Why JSP is preferred over servlets?
- JSP provides an easier way to code dynamic web pages.
- JSP does not require additional files like java class files, web.xml, etc
- Any change in the JSP code is handled by Web Container(Application server like tomcat) and doesn't require recompilation.
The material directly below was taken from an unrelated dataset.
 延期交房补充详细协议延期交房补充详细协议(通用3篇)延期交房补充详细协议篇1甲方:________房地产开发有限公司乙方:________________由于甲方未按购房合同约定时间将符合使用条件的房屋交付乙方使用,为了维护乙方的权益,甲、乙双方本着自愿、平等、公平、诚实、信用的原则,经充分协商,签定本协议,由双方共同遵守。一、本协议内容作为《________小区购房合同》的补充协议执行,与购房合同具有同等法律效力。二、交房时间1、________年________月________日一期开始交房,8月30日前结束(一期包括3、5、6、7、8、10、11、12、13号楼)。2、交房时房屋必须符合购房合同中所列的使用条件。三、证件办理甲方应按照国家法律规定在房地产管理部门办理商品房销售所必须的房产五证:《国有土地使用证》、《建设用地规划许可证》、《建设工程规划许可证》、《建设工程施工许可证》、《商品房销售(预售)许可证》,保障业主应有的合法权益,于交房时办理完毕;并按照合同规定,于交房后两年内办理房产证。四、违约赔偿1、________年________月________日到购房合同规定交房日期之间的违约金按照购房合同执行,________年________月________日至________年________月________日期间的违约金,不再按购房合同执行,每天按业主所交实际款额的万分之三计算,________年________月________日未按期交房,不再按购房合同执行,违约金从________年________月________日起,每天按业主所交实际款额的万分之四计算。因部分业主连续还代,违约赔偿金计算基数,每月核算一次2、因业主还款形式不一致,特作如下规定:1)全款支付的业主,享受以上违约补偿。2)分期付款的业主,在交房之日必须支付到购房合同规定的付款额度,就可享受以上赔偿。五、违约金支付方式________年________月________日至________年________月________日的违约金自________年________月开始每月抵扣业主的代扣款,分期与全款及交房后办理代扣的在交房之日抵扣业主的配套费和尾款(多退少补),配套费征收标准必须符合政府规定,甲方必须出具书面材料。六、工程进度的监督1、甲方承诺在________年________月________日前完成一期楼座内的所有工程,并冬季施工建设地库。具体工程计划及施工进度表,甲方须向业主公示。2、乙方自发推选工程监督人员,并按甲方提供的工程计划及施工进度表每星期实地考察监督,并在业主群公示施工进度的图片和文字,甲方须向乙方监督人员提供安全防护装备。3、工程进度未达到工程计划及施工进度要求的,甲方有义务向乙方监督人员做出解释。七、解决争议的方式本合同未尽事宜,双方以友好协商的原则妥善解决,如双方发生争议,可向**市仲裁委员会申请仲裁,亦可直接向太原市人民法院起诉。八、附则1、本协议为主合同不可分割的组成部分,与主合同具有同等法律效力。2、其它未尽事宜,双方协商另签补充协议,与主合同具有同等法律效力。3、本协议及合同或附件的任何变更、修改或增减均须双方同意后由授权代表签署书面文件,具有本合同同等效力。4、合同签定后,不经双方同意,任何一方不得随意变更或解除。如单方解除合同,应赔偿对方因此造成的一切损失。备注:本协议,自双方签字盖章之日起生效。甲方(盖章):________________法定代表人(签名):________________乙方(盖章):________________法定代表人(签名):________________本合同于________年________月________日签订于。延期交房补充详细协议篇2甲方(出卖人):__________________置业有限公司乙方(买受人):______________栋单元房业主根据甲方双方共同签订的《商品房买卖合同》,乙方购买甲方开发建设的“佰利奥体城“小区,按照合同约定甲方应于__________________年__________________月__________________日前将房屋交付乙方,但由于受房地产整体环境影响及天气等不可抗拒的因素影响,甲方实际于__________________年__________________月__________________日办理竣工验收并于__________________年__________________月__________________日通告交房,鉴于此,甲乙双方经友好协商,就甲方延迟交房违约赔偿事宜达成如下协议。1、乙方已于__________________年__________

- JSP pages can be directly accessed, and web.xml mapping is not required like in servlets.
Advantage of JSP
- Easy to maintain and code.
- High Performance and Scalability.
- JSP is built on Java technology, so it is platform-independent.
Lifecycle of JSP
- A JSP page is converted into Servlet in order to service requests.
- The translation of a JSP page to a Servlet is called Lifecycle of JSP. JSP Lifecycle is precisely the same as the Servlet Lifecycle, with one additional first step, which is, translation of JSP code to Servlet code.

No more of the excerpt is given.